最後を看取ったのは自分とそして幾人かの知り合いだった。
いや、知り合いというのは語弊があるか。
皆、自分の家で共に暮らす父の弟子や、あの今はもうない国の親衛隊だった者だ。
自らの手で父を殺した。
今でも時折夢でその光景を目にする事がある。
戒めのように。
忘れてはいけないと。
そして目がさめた後、決まってこの両の手を見るのだ。
そこにはまるで今まさに留めを刺したかのような感触と赤い血糊が残るのだ。
全てがあの残像だと解っていても思わず口から慟哭がほとばしる。
まるでそれは獣の声のような。
この世ではないものの叫びに聞こえた。
幻覚が見得る。
ざあとまた砂塵が少年を包んでいった。
少年が歩を向ける先には何故か争いが起こる。
自らがリーダーとなって戦った3年後、ふと尋ねた国でも戦が起こった。
自分は本当に、ただその国の忘れられたような片隅の街で隠れるように日々を流していただけなのに。
小さな湖の辺で、糸を垂れてただ。
ただ、雲の流れる様を限りなく透明な目で見ていただけなのに。
差し出された手は、昔の自分と同じだった。
あまりにも哀しい、人の願望だけを吸い込んだ手。
そして大きすぎる、ヒトが持つべきではない力に巣食われた手。
それでも彼はにこりと笑って。
あの時の自分には出来ない事をあっさりとした彼にある意味尊敬の念を覚えた。
その後。
またこの手はヒトの血を吸い取った。
呪われた手。
ヒトを殺める手。
誰にもけして触れられない手。
触れて欲しくない手。
それでも。
それでも。
どうしてだろう。
伸ばした手を取って欲しいと願うのは。
どうしてだろう。
砂が目の前を舞った。
砂塵は掠めるように視界を悪くして、遠く飛んでいく。
バサバサと大きな音を上げて、頭からすっぽりと被ったマントが煽られていく。
何故だか嫌に笑えて、唇の端を持ち上げた。
所詮自分は死神だ。
赤い他人の血を浴びて、黒光りする鎌を持った死神でしかないのだ。
誰しもが自分のこの手を見てそう思うだろう。
そして、誰もがこの瞳の奥を見ようとはしないだろう。
受け入れた運命だ。
全て解ってやった事だ。
こうなる事も。

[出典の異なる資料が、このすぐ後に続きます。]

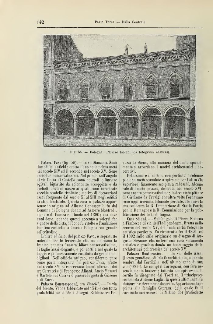Palazzo Fava (fig. 50). — In via Manzoni. Sono Ine edilìei antichi : eretto l'uno nella prima metà lei secolo XIV ed il secondo nel secolo XV. Sono ambedue conservatissimi. Nel primo, sull'angolo ili via Porta di Castello, sono notevoli le finestre ogivali bipartite da colonnette accoppiate e da archetti acuii in mezzo ai quali sono incastrate vecchie scodelle rivoltate; motivo di decorazioni assai frequente dal secolo XI alXIII, negli edifizi di stile lombardo. Questa casa o palazzo appartenne in origine ad Alberto Conoscenti; fu dal Comune di Bologna donata ad Àstorre Manfredi, signore di Faenza e d'Imola nel 1390 ; ma nove anni dopo, quando questi accennò a volersi far signore della città, il dono fu ritolto e l'ambizioso faentino costretto a lasciar Bologna con grande sollecitudine.

独りになってしまうことも。
もう泣く事すらも贖罪にならないことも。
ふと、手の甲を撫でてみた。
紋章は鈍く光ってまるで、まるで還れない自分を笑うかのようだった。
ああ。
どうして彼は太陽のように笑う事など出来たのだろうか。
この紋章を纏って、忌むべきものとして見られて何故。
そうやって乾いた晴れた日のように笑う事が出来たのだろうか。
そして自分が。
あの、彼のように笑うまで。
笑えるまで一体どれだけの時間が要されるのだろうか。
気が遠くなりそうなほどの先に目の前がくらい、と歪んだ。
その前に。
誰かが、この手を取ってくれるというのだろうか。
ざあ、と砂塵が舞った。
霞んだ視界。
鼻の先すらも見えない。
ふいに試すかのように、彼はその腕を持ち上げた。
すい、と、手を差し出してみる。
そこに誰もいないと知っていたけれど。
けして誰もこの手を取ってくれないと知ってはいたけれど。
それは叶えられない願いを試すかのようだった。
あまりにも哀しい願いだった。
けれど。
「探しましたよ。坊ちゃん」
バサリと大きな音を立てて、マントが風に飛んだ。
いやに視界が開けて、思わず目を見開く。
金色の甘い甘い髪が、さらりと視界を過ぎった。
差し出したままの手のひらが、暖かい感触に包まれた。
久しぶりに感じる体温が抑えても体を駆け巡る。
砂が去って、にこりと笑んだ彼の顔に思わず涙が出た。
「グレミオ・・・・・・」
懐かしい言葉を口にした。
懐かしい名前を口にした。
鎌を下ろしたくなくて去ったあの幸せだった家の下男。
そして、小さい頃よりずっとともにいたもの。
名前を口にすることはなくてもずっと心に浮かべていた甘い笑顔。
彼はとても優しくて、穏やかな日向の匂いがした。
その彼が今目の前にいた。
「ど・・・!どうしたんですか!?坊ちゃん。お腹でも痛いんですか!?」
「グレミオ!」
砂を蹴った。
何かが溶けた気がした。
気づいたら彼の匂いを感じていた。
乾いた砂漠でも衰える事の無い日向。
手を取ってくれる人はいたのだ。
今、この瞬間だけでもその形は存在しているのだ。
乾いたこの手を。
呪われていくこの手を。
それでも変わりなく包んでくれる存在が明瞭と今ここにいるのだ。
暖かい手をしっかりと握った。
いつか儚く消えてしまう前に。
全てを覚えておくように。
霞んでいく視界の向こうで、ゆうるりと彼が笑むのが解った。
こころが繋がる気がした。
「いつでも坊ちゃんの先にグレミオはおりますよ」
言葉が跳ねる。
なんてそれはうつくしい言葉。
彼の手があるなら自分はきっと目隠しでも歩いて行ける。
差し出した手の向こう。
差し出した手の行く先。
それはいつでも彼のいる場所。
それはいつでも彼の触れ得る場所。
「砂がキツいでしょう。坊ちゃんどうぞ、グレミオのマントにお入り下さい」
碧が鮮やかに舞って、くるりと包まれた。
暖かい、日向の匂いだ。
懐かしいむかしに還って行くような匂いだ。
額に唇が落とされた。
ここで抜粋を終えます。